Although Operation Hammer Strike has concluded, the department states that county sheriffs will continue to investigate illegal cultivation. “The Sheriff’s Gangs/Narcotics Division will continue to enforce California’s cannabis laws and San Bernardino County’s cannabis cultivation and distribution ordinance. Persons found guilty of violating the state law and county ordinance are subject to fines, prosecution, and seizure of property.”
Operation Hammer Strike began in September 2021. At the time, there were an estimated 1,285 illegal grows reported throughout the county. In September, the MET began with a search warrant investigation of Hesperia, Pinon Hills, Phelan, and Landers, which resulted in numerous arrests and seizures of cannabis plants, processed cannabis product, firearms, and $30,000 cash. During the same month, another investigation yielded even more arrests and product seizures. This trend continued throughout 2021 and into 2022, with press releases describing the investigations in October 2021, November 2021, January 2022, February, and March.

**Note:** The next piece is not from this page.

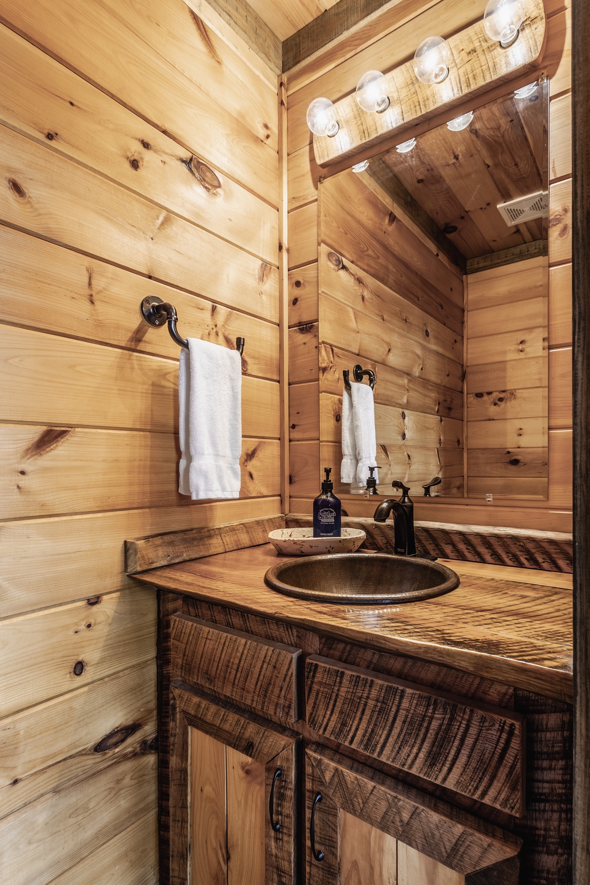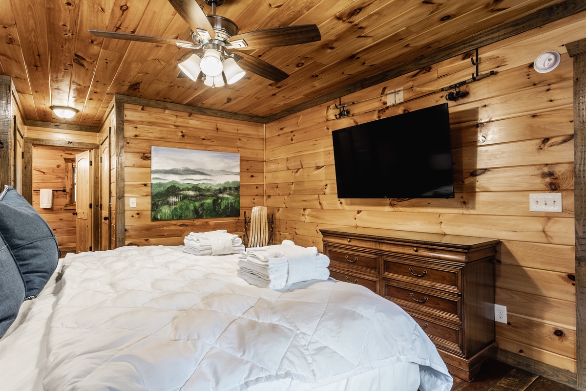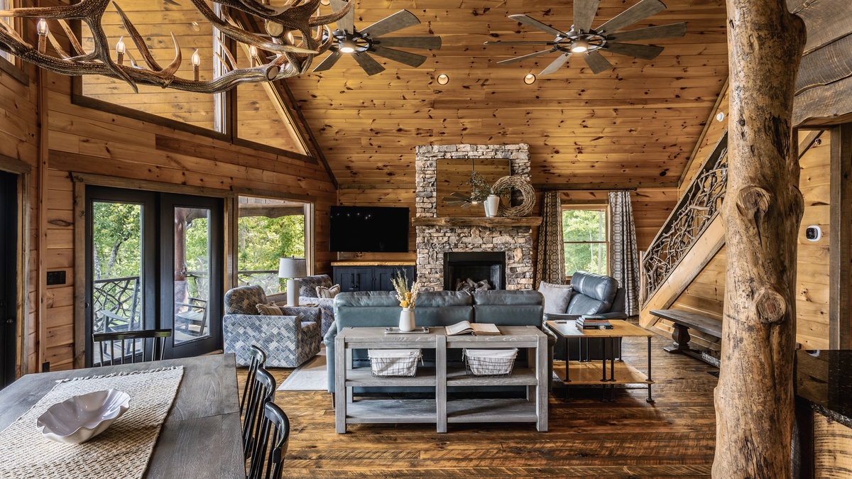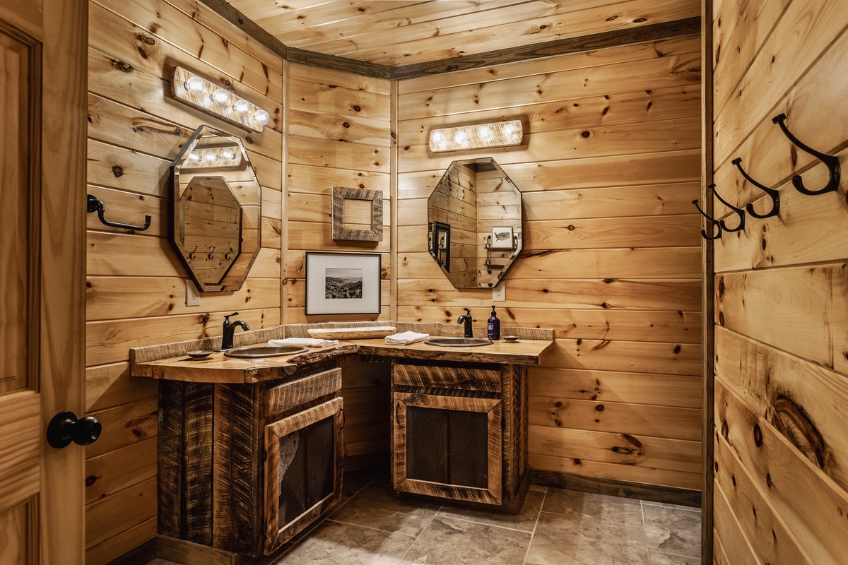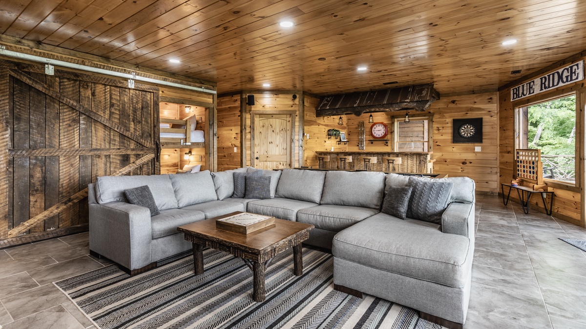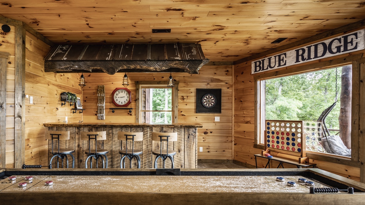 Venture to the upper level and discover the primary king suite, a serene oasis with a workstation overlooking the mountains, a cozy chair, dresser, couch, and a 55” TV. Indulge in the luxury of a large soaking tub, tile shower, and walk-in closet, all enhanced by a sliding privacy barn door. The mountain views from this level are simply spectacular, providing a perfect backdrop for relaxation and inspiration. The lower level of Lookout Lodge is designed for entertainment and comfort, featuring a den with sectional seating, a gas fireplace, and a 65” TV. Enjoy friendly competition at the shuffleboard table or mix up cocktails at the custom wet bar equipped with a mini fridge, microwave, and cocktail set. This level also includes a built-in twin bunk bed with a sliding barn door, a queen bedroom with a vaulted ceiling, and a fourth bedroom with a queen bed and twin bunks, ensuring ample space for everyone. A shared bathroom with double sinks, a tile shower, and a laundry room add to the convenience.

In March, San Bernardino County sponsored state legislation with Assembly Bill 2728 and Senate Bill 1426 to stop illegal cannabis cultivation. “Illegal cannabis farming is devastating the desert communities of San Bernardino County,” said Supervisor Curt Hagman. “The County is determined to stop this terrible damage to the environment and to protect the lives and property of our residents from lawless criminals.”

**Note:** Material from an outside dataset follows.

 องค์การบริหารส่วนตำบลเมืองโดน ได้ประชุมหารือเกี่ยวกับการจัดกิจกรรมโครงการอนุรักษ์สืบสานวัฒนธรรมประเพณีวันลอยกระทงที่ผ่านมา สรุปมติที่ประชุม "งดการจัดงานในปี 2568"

Assemblymember Thurston “Smitty” Smith also explained the reasoning behind the push to eliminate illegal grows. “The people of California let their voices be heard and chose to decriminalize cannabis. I support their choice. However, what they didn’t ask for was rampant cultivation and an illegal market sucking up resources, destroying the environment, and putting our communities at risk,” said Smith.

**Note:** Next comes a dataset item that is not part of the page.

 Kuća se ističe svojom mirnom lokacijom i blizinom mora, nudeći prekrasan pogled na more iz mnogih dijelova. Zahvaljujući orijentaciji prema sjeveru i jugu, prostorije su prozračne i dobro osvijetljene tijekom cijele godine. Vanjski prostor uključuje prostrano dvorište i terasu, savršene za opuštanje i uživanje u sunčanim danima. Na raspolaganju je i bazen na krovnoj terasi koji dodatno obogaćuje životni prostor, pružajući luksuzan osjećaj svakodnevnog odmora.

By May 2022, one region of San Bernardino County reported that there were no more reported cannabis grows in the area. “I’m sure there are more out there but we actually have zero grows left in the Morongo Basin that have been reported to us,” Sheriff Shannon Dicus of Morongo Basin told the Hi-Desert Star. San Bernardino County Supervisor Dawn Rowe commented on the quick call to action. “It normally takes this county a long time to make changes for our residents but this was not the case. Thank you very much on behalf of our residents for making it a safer place to live again,” Rowe said.
Statewide efforts to eliminate illegal cannabis grows have continued steadily. Back in October 2021, California Attorney Rob Bonta announced that the Campaign Against Marijuana Planting (CAMP) resulted in the destruction of over one million cannabis plants. “Illegal and unlicensed marijuana planting is bad for our environment, bad for our economy, and bad for the health and safety of our communities,” Bonta said in a press release.
More recently in July, agencies like the California Department of Fish and Wildlife announced the authorization of enforcement teams to investigate illegal cultivation during the 2022 growing season.
In October, Bonta announced that CAMP would henceforth be called the Eradication and Prevention of Illicit Cannabis (EPIC), and would continue to investigate illegal cultivation. “The illicit marketplace outweighs the legal marketplace,” Bonta said. “It’s upside down and our goal is complete eradication of the illegal market.”